Effective capacity planning ensures your Elasticsearch cluster meets performance requirements while optimizing costs. This guide covers the complete capacity planning process.
Capacity Planning Process
1. Gather Requirements
Data Requirements:
- Current data volume
- Data growth rate
- Retention requirements
- Data model complexity
Performance Requirements:
- Search latency targets (p95, p99)
- Indexing throughput
- Query concurrency
- Availability requirements (SLA)
Operational Requirements:
- Backup/restore time
- Maintenance windows
- Disaster recovery
2. Analyze Workload
Indexing Profile:
GET /_nodes/stats/indices/indexing
- Documents per second
- Bulk request patterns
- Peak vs. average rates
Search Profile:
GET /_nodes/stats/indices/search
- Queries per second
- Query complexity
- Response size
3. Calculate Resources
See Elasticsearch Sizing Calculator for detailed formulas.
Resource Planning
Storage Planning
Calculate Total Storage
Total Storage = Daily Volume × Retention × (1 + Replicas) × Overhead
Overhead factors:
- Lucene overhead: 10-20%
- Translog: 5%
- Headroom: 20-30%
Storage Type Selection
| Storage Type | Use Case | Cost |
|---|---|---|
| NVMe SSD | Hot tier, high-performance | $$$ |
| SSD | Warm tier, general use | $$ |
| HDD | Cold tier, archival | $ |
Memory Planning
Heap Sizing
Rule: Heap should be about half of RAM but never above 32 GB.

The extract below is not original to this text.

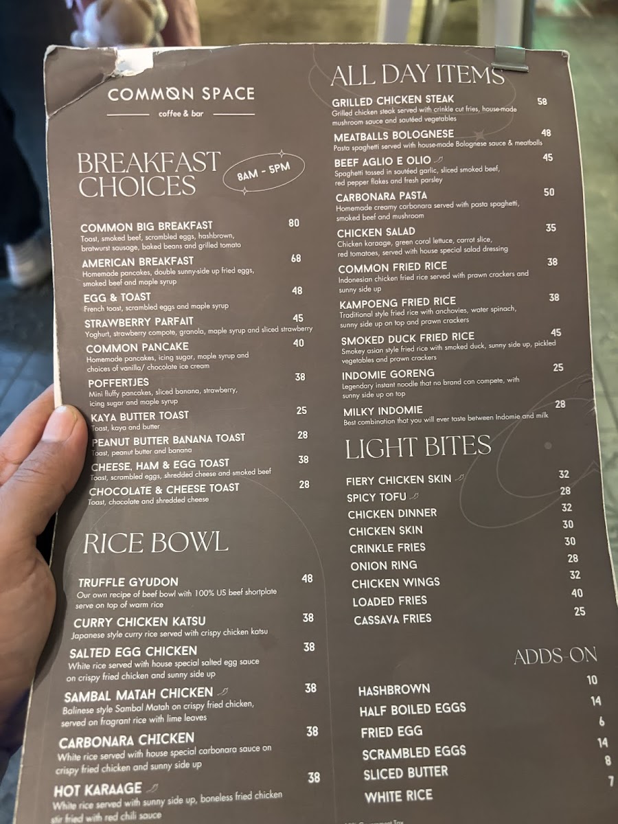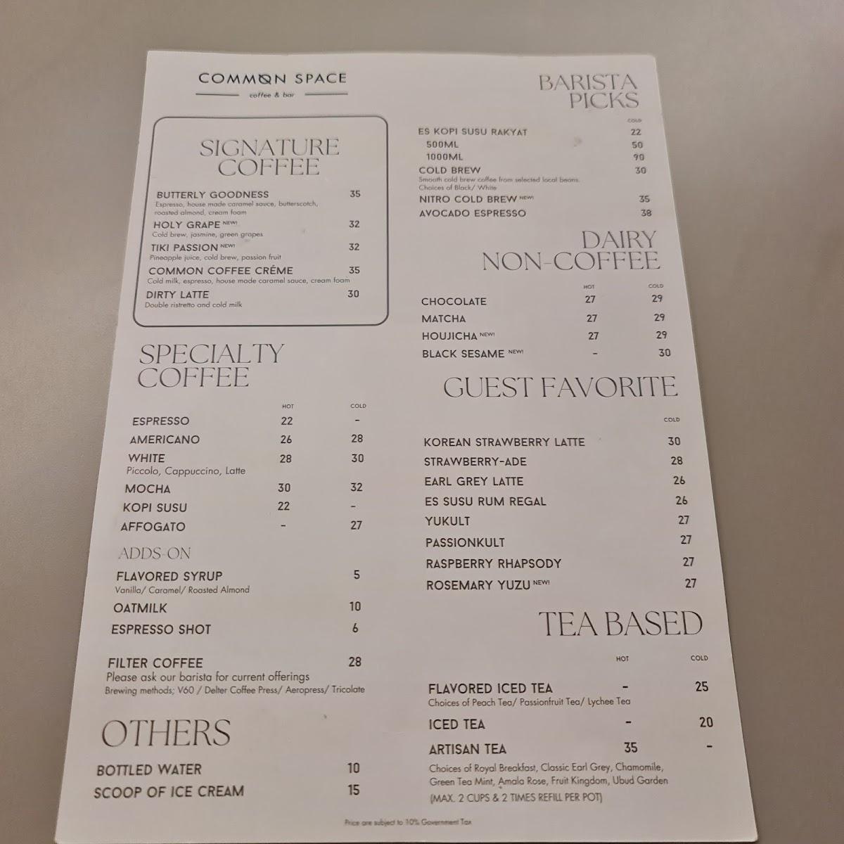 Welcome to Common Space Coffee & Bar, an inviting café nestled in Lubuk Baja, Batam City. This stylish spot balances aesthetics and comfort, boasting ample natural light, perfect for coffee enthusiasts and Instagrammers alike. The menu is a delightful mix of expertly brewed coffee and satisfying dishes, with standout items like the "Butterly Goodness" coffee, striking a harmonious blend reminiscent of Montblanc. Patrons appreciate the affordability, with iced Americanos priced under IDR 60,000, ensuring great value.

Heap = min(Available RAM × 0.5, 31 GB)
Filesystem Cache
Filesystem Cache = Available RAM - Heap - OS Overhead
Target: At least equal to hot data size for optimal performance.
CPU Planning
Factors Affecting CPU
- Query complexity
- Aggregation depth
- Indexing rate
- Background operations (merges, recovery)
Estimation
CPU Cores = (Search QPS × Query CPU Cost) + (Index Rate × Index CPU Cost)
Typical starting point: 8-16 cores per data node.
Network Planning
Bandwidth Requirements
- Inter-node traffic: Recovery, replication
- Client traffic: Queries, bulk indexing
- Monitoring: Metrics, logs
Latency Requirements
- < 1ms between nodes (same zone)
- < 10ms for cross-zone
- Dedicated network for cluster traffic
Cluster Architecture
Small Cluster (< 100 GB/day)
┌─────────────┐ ┌─────────────┐ ┌─────────────┐
│ Node 1 │ │ Node 2 │ │ Node 3 │
│ Master+Data │ │ Master+Data │ │ Master+Data │
│ 32GB RAM │ │ 32GB RAM │ │ 32GB RAM │
│ 1TB SSD │ │ 1TB SSD │ │ 1TB SSD │
└─────────────┘ └─────────────┘ └─────────────┘
Medium Cluster (100 GB - 1 TB/day)
┌─────────────┐ ┌─────────────┐ ┌─────────────┐
│ Master 1 │ │ Master 2 │ │ Master 3 │
│ 8GB heap │ │ 8GB heap │ │ 8GB heap │
└─────────────┘ └─────────────┘ └─────────────┘
┌─────────────┐ ┌─────────────┐ ┌─────────────┐ ┌─────────────┐
│ Data 1 │ │ Data 2 │ │ Data 3 │ │ Data N │
│ 64GB RAM │ │ 64GB RAM │ │ 64GB RAM │ │ 64GB RAM │
│ 4TB SSD │ │ 4TB SSD │ │ 4TB SSD │ │ 4TB SSD │
└─────────────┘ └─────────────┘ └─────────────┘ └─────────────┘
Large Cluster (> 1 TB/day)
┌──────────────┐
│ Coordinating │ × 2-4
└──────────────┘
┌─────────┐ ┌─────────┐ ┌─────────┐
│ Master │ │ Master │ │ Master │
└─────────┘ └─────────┘ └─────────┘
┌─────────┐ ┌─────────┐ ┌─────────┐ ┌─────────┐
│Hot Data │ │Hot Data │ ... │Cold Data│ │Cold Data│
│ NVMe │ │ NVMe │ │ HDD │ │ HDD │
└─────────┘ └─────────┘ └─────────┘ └─────────┘
Hot Tier (recent data) Cold Tier (historical)
Growth Planning
Monitoring Growth
Track these metrics over time:
- Total document count
- Index size
- Daily indexing rate
- Query rate
Capacity Thresholds
Set alerts at:
- 70%: Plan expansion
- 80%: Execute expansion
- 85%: Urgent action
Expansion Strategies
Vertical Scaling:
- Increase node resources
- Better for small increases
- Limited by hardware
Horizontal Scaling:
- Add more nodes
- Better for large increases
- Requires rebalancing
Cost Optimization
Right-Sizing
- Start conservative, scale up based on data
- Monitor actual usage vs. provisioned
- Remove over-provisioned resources
Tiered Storage
Implement hot-warm-cold architecture:
PUT _ilm/policy/tiered_policy
{
"policy": {
"phases": {
"hot": {
"actions": {
"rollover": {"max_primary_shard_size": "50gb"}
}
},
"warm": {
"min_age": "7d",
"actions": {
"shrink": {"number_of_shards": 1},
"allocate": {
"require": {"data": "warm"}
}
}
},
"cold": {
"min_age": "30d",
"actions": {
"allocate": {
"require": {"data": "cold"}
}
}
}
}
}
}
Reserved Instances
For cloud deployments:
- Use reserved instances for base capacity
- On-demand for peak/burst
- Spot instances for non-critical workloads
Capacity Planning Checklist
Initial Planning
- Documented data volume and growth rate
- Defined retention requirements
- Established performance SLAs
- Calculated storage needs
- Determined node count and specs
- Planned cluster architecture
Ongoing Management
- Monitoring dashboards configured
- Capacity alerts set
- Growth projections updated quarterly
- Cost analysis performed regularly
- Performance baselines established